Аминокислоты, пептиды и белки - Дэвени Т., Гергей Я. 1976

Методы иммунохимического анализа
Анализ белков методами диффузии в геле
Абсорбционный иммуноэлектрофорез

Принцип метода. После электрофоретического разделения исследуемого белка в агаровом геле компоненты специфической иммунной сыворотки диффундируют навстречу полученным фракциям через слой агарового геля, содержащий известные (контрольные) антигены, которые абсорбируют соответствующие антитела и задерживают их дальнейшую миграцию к определяемым антигенам. В результате в образовании полос преципитации принимают участие только те антигены исследуемого образца, которые отличаются от контрольных.

Image

Фиг. 31. Способы анализа белковой смеси с помощью иммуноэлектрофореза (подробное описание см. в тексте).

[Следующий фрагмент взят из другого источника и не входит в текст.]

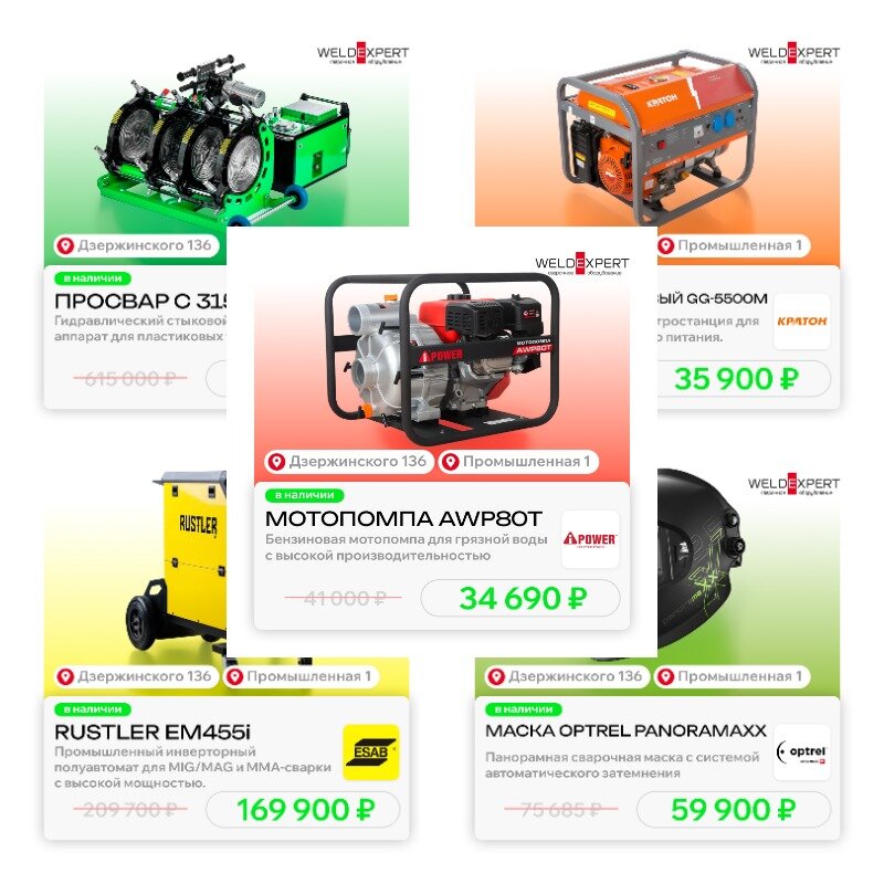 Есть всё для сварки. Нашли себе маску, аргонник и даже специальные присадки для сварки чугуна. Ценники ниже, чем в строительных магазинах. Много что есть в наличии. Рекомендую.

Область применения. Этот метод можно использовать для идентификации отдельных компонентов белковых смесей неизвестного состава в том случае, если исследователь располагает соответствующей иммунной сывороткой и смесью контрольных (абсорбирующих) антигенов.

МЕТОДИКА

1. Приготовление агаровой пластинки. На стеклянную пластинку размером 10 х 16 см наносят 40 мл расплавленного 1,5%-ного агара в вероналовом буферном растворе pH 8,2. Затвердевший слой агарового геля разрезают в продольном направлении таким образом, чтобы после удаления лишних участков геля на стекле осталась только полоска шириной 15 мм. Со стороны катода на расстоянии одной трети длины этой полоски геля и на равном расстоянии от ее краев делают лунку для внесения исследуемого образца диаметром примерно 5 мм и заливают в нее 1—2 капли расплавленного агара.

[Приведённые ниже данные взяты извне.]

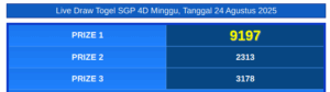 Prediksi Singapore Rabu, 05-11-2025 Merupakan Prediksi Otomatis yang menggabungkan Metode Kalender Togel Dengan LN Generator yang akurasi prediksinya sudah kita ketahui bersama. Jadi harap Maklum Jika kadang meleset Prediksi Singapore kita. Jadikan ini sebagai perbandingan saja dan tetap Utamakan karya sendiri

2. Электрофорез. После внесения исследуемого образца проводят электрофорез в течение 7—8 ч при градиенте напряжения 3 В/см.

3. Нанесение на стекло полосок геля, содержащих абсорбирующие антигены и иммунную сыворотку. По окончании электрофореза рядом с полоской геля, содержащего разделенные антигены, наливают расплавленный агар, смешанный с раствором контрольных (абсорбирующих) антигенов, таким образом, чтобы получилась вторая полоска шириной 5 мм. После затвердения нанесенного агара рядом со второй наносят третью полоску агарового геля, содержащую иммунную сыворотку. В результате на одном стекле оказываются рядом друг с другом три полоски агарового геля, образующие: а) зону специфической иммунной сыворотки, б) зону абсорбирующих антигенов и в) зону электрофоретически разделенных исследуемых антигенов.

4. Регистрация результатов. Образование полос преципитации происходит в течение нескольких дней при 4°С во влажной камере. Их появление можно зарегистрировать, фотографируя нативный или окрашенный препараты (см. стр. 135).

ПРИМЕЧАНИЯ

1. Этот метод весьма полезен, например, при диагностике недостаточности синтеза иммуноглобулинов какого-либо класса. В этом случае электрофоретическому разделению подвергают нормальную сыворотку человека, в зону абсорбирующих антигенов вносят сыворотку больного, а в зону иммунной сыворотки — антисыворотку к сывороточным белкам человека. В образовании полос преципитации с фракциями нормальной сыворотки человека принимают участие только те антиглобулиновые антитела, которые не встретили соответствующих им иммуноглобулинов в сыворотке больного, диффундируя из зоны антисыворотки в зону нормальной сыворотки. В результате появляются полосы преципитации, которые соответствуют отсутствующему классу иммуноглобулинов, например IgG, IgA или IgM.

2. В полоске геля, содержащего абсорбирующие антигены, в местах образования комплексов антиген — антитело появляются прямые полосы преципитации.